MessagePosté: Jeu 19 Jan, 2006 1:02
de Taliesin
je confirme pour Plougonver, qui en fait est Plougonveur = Plou-konveur = la niche du grand chien (ouais, ou presque :lol: )

on a aussi Tregomeur = Tregonveur, à l'ouest de Pordic, et à 5kms de Tremeloir = Tremelar. Comme quoi on peut apprendre les Vies de saints en traversant la Bretagne. Marrant que ces deux paroisses si rapprochées se trouve finalement à l'opposé de la résidence de Conomor (Lanmeur) où Mélar avait trouvé refuge : Lanmeur est à l'extrême ouest du Trégor, en Trégor finistérien, Tregonveur et Tremelar sont à l'extrême est.

Hormis la bataille de Tristan à Carhaix, il y a quand même une référence qui rattache Marc/Conomore à Carhaix, c'est le Tristan de Béroul, où le roi Marc jure par saint Tresmor de Caharés. Mais Béroul mentionne aussi l'histoire de Marc aux oreilles de cheval, et dans une autre version (une des Folies, je crois) Iseult jure par sainte Triphine.

l'opuscule ? Ah oui, le petit cahier qui se trouve sur mon bureau depuis plusieurs mois, enterré sous un tas de bouquins et de paperasse, et que je n'avais pas lu de suite parce que c'est en anglais et qu'à l'époque, je comprenais un mot sur dix de ce langage perfide.
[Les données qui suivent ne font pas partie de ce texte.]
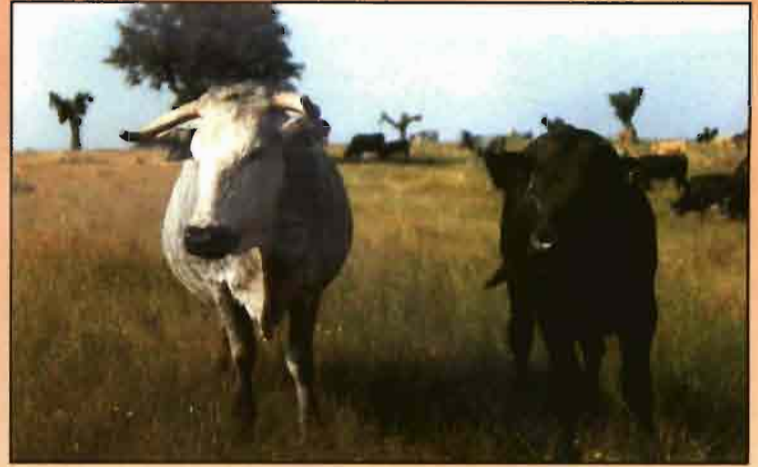
Los cruzamientos con ganado Holstein, con Cebú (foto izq.) o con otras razas autóctonas españolas, como la Morucha (foto dcha.) son objetivos de ACRUGA.

El sistema de producción de este ganado, en función de la ecología y de los condicionamientos socio-económicos del área geográfica, determina sobre canales dos características cuantitativas de gran importancia económica: el peso canal (210 kg) y su edad cronológica (205 días), de las que van a depender factores tan determinantes de la calidad como es la terneza.
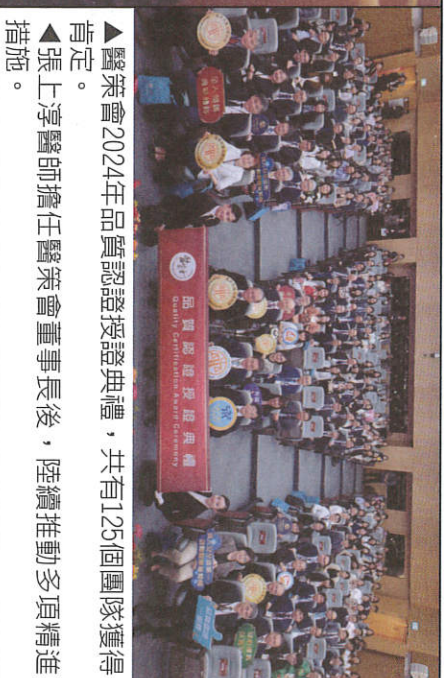
▲醫策會秉持傳遞卓越醫療價值的精神，持續深耕品質認證。

Mais depuis j'ai beaucoup progressé : je dois être à deux ou trois sur dix, je vais bientôt pouvoir m'y mettre !

post scriptum matinal pour Agraes : s'il y a eu un mélange Arthur/Conomor, il semblerait que ce soit plutôt Arthur qui ait pris la place de Conomor dans certaines traditions, notamment dans la Vie de saint Efflam, où l'action se déroule non loin de Lanmeur.

MessagePosté: Jeu 19 Jan, 2006 10:37
de Agraes
post scriptum matinal pour Agraes : s'il y a eu un mélange Arthur/Conomor, il semblerait que ce soit plutôt Arthur qui ait pris la place de Conomor dans certaines traditions, notamment dans la Vie de saint Efflam, où l'action se déroule non loin de Lanmeur.


C'est ce qu'indique Christianne Kerboul.

En fait je voyais plutôt Arthur - dans la conception que j'en ai, c'est-à-dire héritier d'Ambrosius et Amherawddyr ou Haut-Roi des Bretons - l'installer dans cette zone.

Même si c'est Childebert qui l'aurait nommé Praefectus Classis du Tractus Armoricain.